**Exercise requirements:** Set down the entries again word for word, without any of the images.

Stored entries
◇ ◇ ◇ ◇ ◇
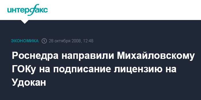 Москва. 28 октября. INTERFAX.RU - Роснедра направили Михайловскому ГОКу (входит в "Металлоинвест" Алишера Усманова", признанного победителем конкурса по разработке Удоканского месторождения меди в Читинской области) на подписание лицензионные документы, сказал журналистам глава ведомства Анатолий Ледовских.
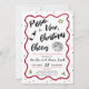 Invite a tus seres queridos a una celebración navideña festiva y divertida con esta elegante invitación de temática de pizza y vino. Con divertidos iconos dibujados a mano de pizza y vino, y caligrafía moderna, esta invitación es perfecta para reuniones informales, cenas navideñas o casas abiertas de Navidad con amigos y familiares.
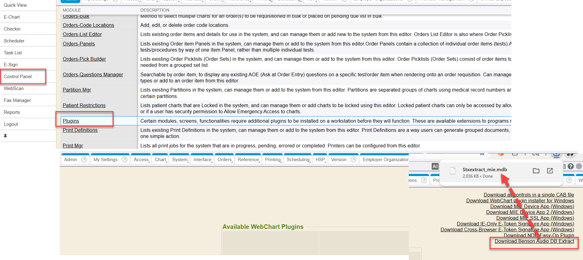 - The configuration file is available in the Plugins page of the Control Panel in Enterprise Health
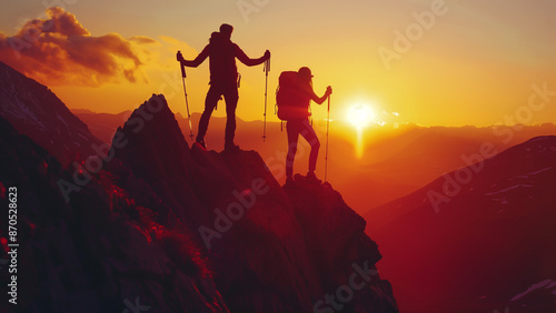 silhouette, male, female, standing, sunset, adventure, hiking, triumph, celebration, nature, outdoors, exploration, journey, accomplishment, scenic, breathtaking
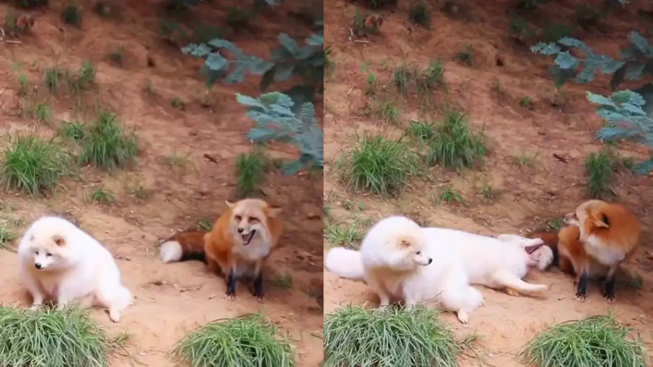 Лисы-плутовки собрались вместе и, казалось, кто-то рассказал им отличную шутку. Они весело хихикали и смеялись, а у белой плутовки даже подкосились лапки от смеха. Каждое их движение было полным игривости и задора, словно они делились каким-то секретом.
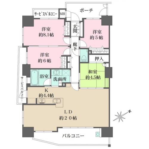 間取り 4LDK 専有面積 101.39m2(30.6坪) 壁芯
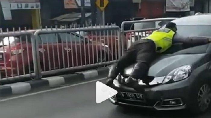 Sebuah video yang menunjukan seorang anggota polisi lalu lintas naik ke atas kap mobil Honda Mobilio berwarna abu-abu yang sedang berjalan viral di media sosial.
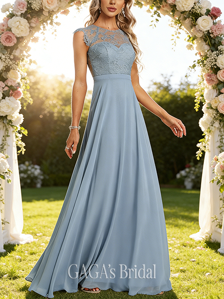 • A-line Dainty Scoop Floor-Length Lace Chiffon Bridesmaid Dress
◇ ◇ ◇ ◇ ◇
**Output for this task:**
 Москва. 28 октября. INTERFAX.RU - Роснедра направили Михайловскому ГОКу (входит в "Металлоинвест" Алишера Усманова", признанного победителем конкурса по разработке Удоканского месторождения меди в Читинской области) на подписание лицензионные документы, сказал журналистам глава ведомства Анатолий Ледовских.
 Invite a tus seres queridos a una celebración navideña festiva y divertida con esta elegante invitación de temática de pizza y vino. Con divertidos iconos dibujados a mano de pizza y vino, y caligrafía moderna, esta invitación es perfecta para reuniones informales, cenas navideñas o casas abiertas de Navidad con amigos y familiares.
 - The configuration file is available in the Plugins page of the Control Panel in Enterprise Health
 silhouette, male, female, standing, sunset, adventure, hiking, triumph, celebration, nature, outdoors, exploration, journey, accomplishment, scenic, breathtaking
 Лисы-плутовки собрались вместе и, казалось, кто-то рассказал им отличную шутку. Они весело хихикали и смеялись, а у белой плутовки даже подкосились лапки от смеха. Каждое их движение было полным игривости и задора, словно они делились каким-то секретом.
 間取り 4LDK 専有面積 101.39m2(30.6坪) 壁芯
 Sebuah video yang menunjukan seorang anggota polisi lalu lintas naik ke atas kap mobil Honda Mobilio berwarna abu-abu yang sedang berjalan viral di media sosial.
 • A-line Dainty Scoop Floor-Length Lace Chiffon Bridesmaid Dress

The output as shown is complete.